Required action.
Exactly the lines from the one containing "THIS SPECTACULAR, INLAND" through the one containing "A serpenyőben használt" in the listing below are to be copied, with the pictures left out.

Available records.
__________________________________________________

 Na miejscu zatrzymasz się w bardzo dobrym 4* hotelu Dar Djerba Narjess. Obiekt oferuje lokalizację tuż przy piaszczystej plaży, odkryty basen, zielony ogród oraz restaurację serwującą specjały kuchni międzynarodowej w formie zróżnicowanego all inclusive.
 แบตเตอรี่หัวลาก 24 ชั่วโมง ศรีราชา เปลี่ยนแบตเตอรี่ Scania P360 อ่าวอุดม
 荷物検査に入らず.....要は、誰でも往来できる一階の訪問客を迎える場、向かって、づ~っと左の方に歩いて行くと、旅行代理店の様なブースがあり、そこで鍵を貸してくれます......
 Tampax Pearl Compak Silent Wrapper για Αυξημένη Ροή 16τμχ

__________________________________________________

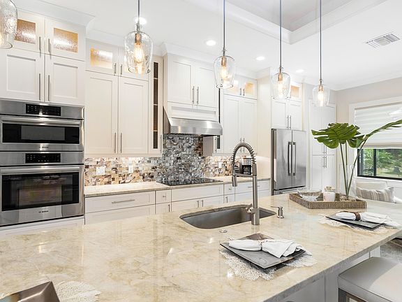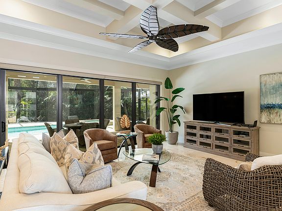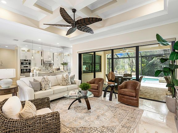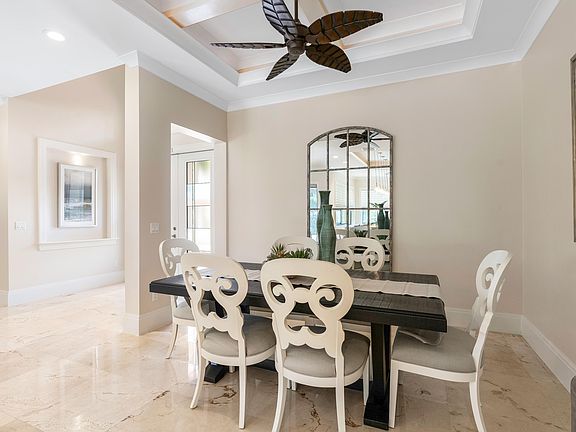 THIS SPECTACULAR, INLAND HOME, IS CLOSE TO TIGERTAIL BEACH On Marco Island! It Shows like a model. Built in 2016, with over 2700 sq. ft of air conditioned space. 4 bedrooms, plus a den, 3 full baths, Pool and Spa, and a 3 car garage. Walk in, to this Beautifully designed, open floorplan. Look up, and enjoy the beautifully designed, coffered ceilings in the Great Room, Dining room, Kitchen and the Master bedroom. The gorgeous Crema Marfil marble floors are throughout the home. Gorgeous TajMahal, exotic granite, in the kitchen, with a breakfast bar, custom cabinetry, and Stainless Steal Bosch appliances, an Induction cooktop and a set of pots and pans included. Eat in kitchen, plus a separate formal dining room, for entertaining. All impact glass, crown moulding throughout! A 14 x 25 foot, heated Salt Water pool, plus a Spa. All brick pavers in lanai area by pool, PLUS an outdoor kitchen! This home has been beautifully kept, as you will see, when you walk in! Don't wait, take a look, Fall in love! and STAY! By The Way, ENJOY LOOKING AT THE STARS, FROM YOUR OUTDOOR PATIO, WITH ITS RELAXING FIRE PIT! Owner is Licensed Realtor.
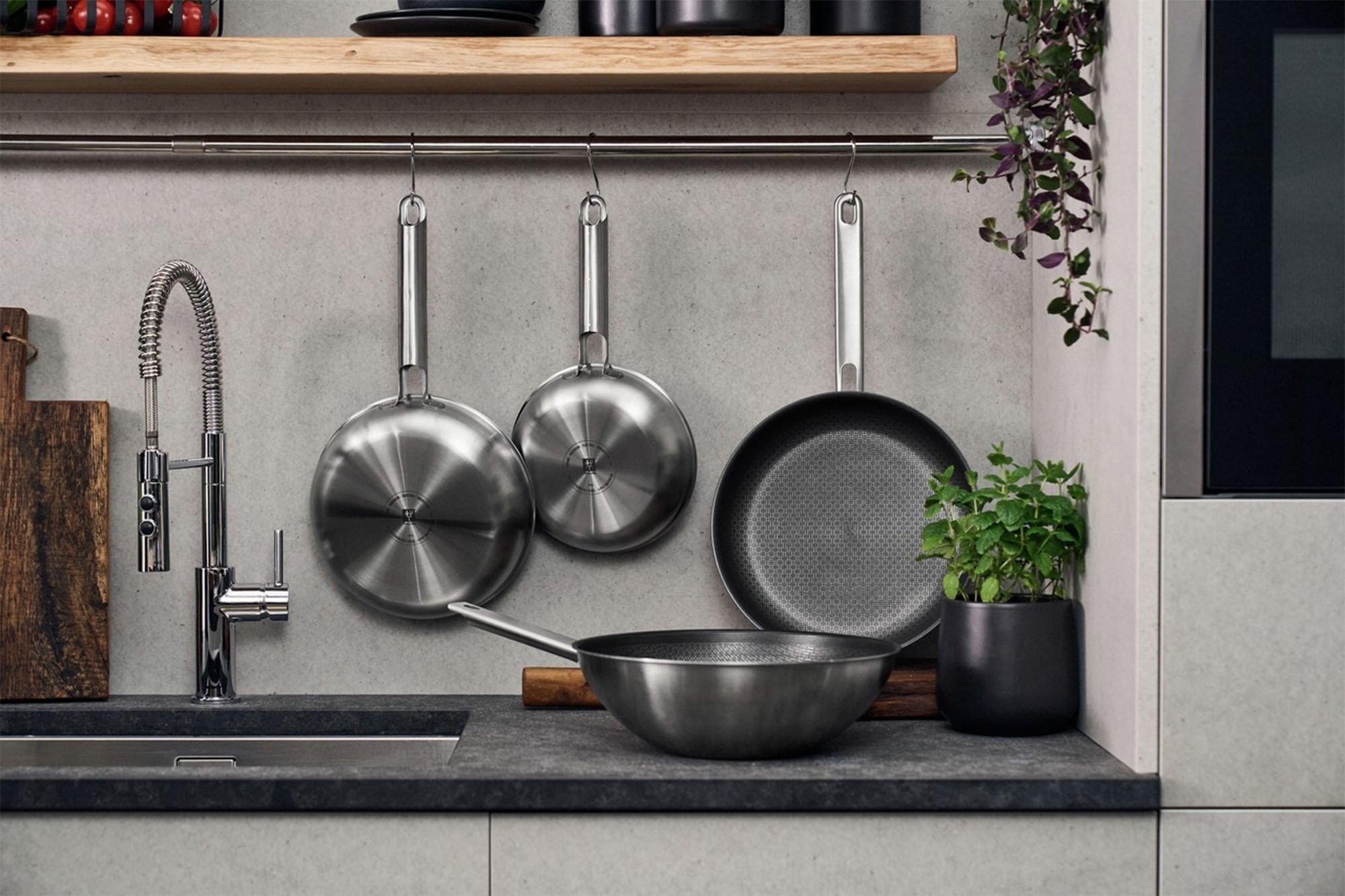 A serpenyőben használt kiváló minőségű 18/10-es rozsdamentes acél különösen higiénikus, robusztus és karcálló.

__________________________________________________

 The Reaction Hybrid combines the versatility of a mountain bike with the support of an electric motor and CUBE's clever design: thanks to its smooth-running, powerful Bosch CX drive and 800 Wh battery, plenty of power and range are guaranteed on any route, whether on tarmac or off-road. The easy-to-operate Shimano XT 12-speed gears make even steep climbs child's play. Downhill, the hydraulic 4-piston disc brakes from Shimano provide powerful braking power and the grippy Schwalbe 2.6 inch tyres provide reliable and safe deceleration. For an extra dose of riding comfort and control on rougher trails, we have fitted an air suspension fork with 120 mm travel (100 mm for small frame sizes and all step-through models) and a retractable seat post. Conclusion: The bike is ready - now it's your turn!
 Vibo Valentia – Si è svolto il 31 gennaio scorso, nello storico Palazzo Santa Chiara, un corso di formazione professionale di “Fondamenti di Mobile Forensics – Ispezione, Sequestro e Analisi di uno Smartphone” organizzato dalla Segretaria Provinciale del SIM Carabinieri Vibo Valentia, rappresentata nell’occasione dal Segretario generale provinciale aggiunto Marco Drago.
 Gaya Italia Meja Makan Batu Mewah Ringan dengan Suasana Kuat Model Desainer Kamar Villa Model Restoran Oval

__________________________________________________

Result of the exercise.
 THIS SPECTACULAR, INLAND HOME, IS CLOSE TO TIGERTAIL BEACH On Marco Island! It Shows like a model. Built in 2016, with over 2700 sq. ft of air conditioned space. 4 bedrooms, plus a den, 3 full baths, Pool and Spa, and a 3 car garage. Walk in, to this Beautifully designed, open floorplan. Look up, and enjoy the beautifully designed, coffered ceilings in the Great Room, Dining room, Kitchen and the Master bedroom. The gorgeous Crema Marfil marble floors are throughout the home. Gorgeous TajMahal, exotic granite, in the kitchen, with a breakfast bar, custom cabinetry, and Stainless Steal Bosch appliances, an Induction cooktop and a set of pots and pans included. Eat in kitchen, plus a separate formal dining room, for entertaining. All impact glass, crown moulding throughout! A 14 x 25 foot, heated Salt Water pool, plus a Spa. All brick pavers in lanai area by pool, PLUS an outdoor kitchen! This home has been beautifully kept, as you will see, when you walk in! Don't wait, take a look, Fall in love! and STAY! By The Way, ENJOY LOOKING AT THE STARS, FROM YOUR OUTDOOR PATIO, WITH ITS RELAXING FIRE PIT! Owner is Licensed Realtor.
 A serpenyőben használt kiváló minőségű 18/10-es rozsdamentes acél különösen higiénikus, robusztus és karcálló.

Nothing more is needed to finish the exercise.